- **EXERCISE DATA**
^^^^^^^^^^^^^^^^
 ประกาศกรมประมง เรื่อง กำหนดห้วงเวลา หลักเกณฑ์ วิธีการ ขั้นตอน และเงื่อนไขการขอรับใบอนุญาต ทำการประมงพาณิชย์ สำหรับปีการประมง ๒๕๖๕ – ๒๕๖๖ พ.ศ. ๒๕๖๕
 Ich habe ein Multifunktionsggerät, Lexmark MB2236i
^^^^^^^^^^^^^^^^
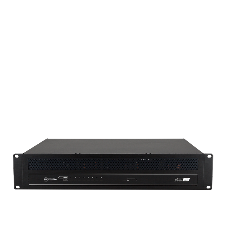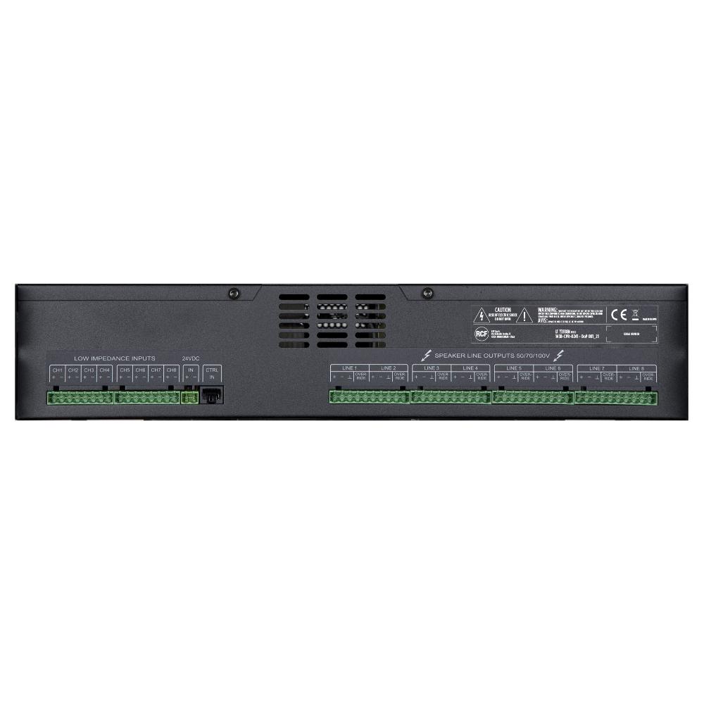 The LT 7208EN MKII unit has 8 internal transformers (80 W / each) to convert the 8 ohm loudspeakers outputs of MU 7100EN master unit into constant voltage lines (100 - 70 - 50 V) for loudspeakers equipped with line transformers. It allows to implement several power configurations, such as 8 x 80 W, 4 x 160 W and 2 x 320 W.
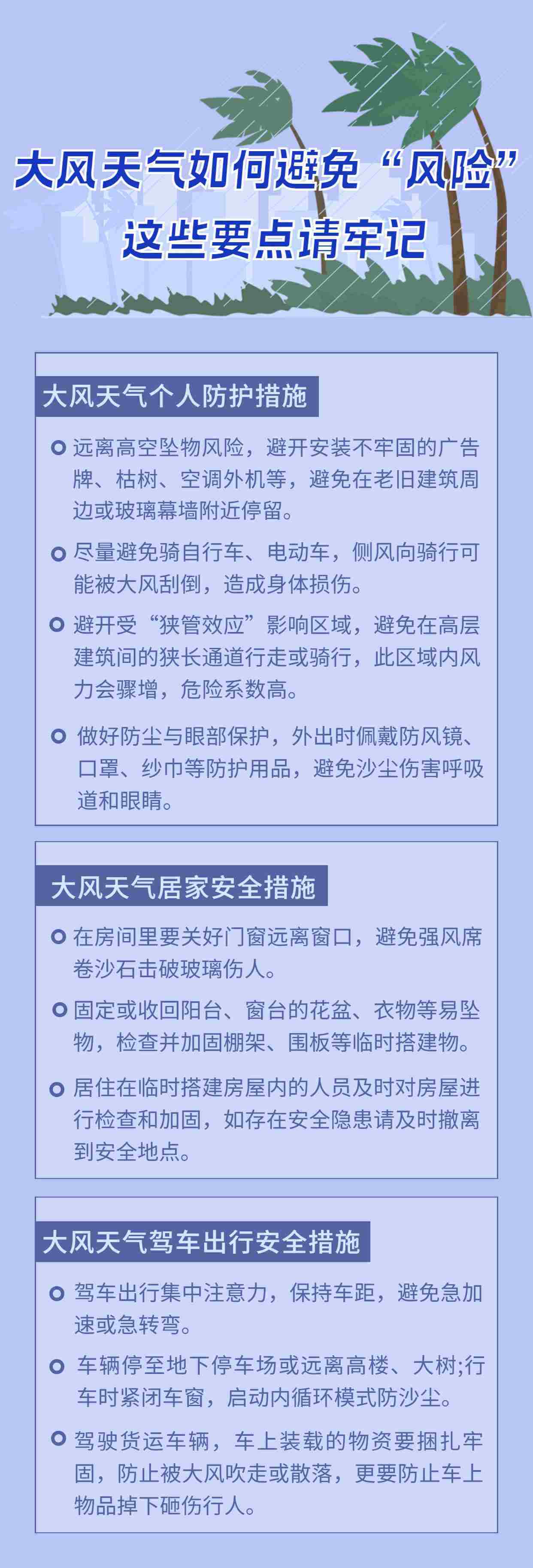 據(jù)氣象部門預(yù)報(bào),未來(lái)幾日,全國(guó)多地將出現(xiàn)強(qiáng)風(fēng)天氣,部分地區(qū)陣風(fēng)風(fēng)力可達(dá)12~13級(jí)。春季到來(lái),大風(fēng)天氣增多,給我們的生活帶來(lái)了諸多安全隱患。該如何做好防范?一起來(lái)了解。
^^^^^^^^^^^^^^^^
- **TASK REQUIREMENTS**
Among the entries above, the line containing "ประกาศกรมประมง เรื่อง กำหนดห้วงเวลา", the line containing "Ich habe ein", and all lines between them are to be restated word for word; nothing else belongs in the reply.

- **ANSWER BOX**
 ประกาศกรมประมง เรื่อง กำหนดห้วงเวลา หลักเกณฑ์ วิธีการ ขั้นตอน และเงื่อนไขการขอรับใบอนุญาต ทำการประมงพาณิชย์ สำหรับปีการประมง ๒๕๖๕ – ๒๕๖๖ พ.ศ. ๒๕๖๕
 Ich habe ein Multifunktionsggerät, Lexmark MB2236i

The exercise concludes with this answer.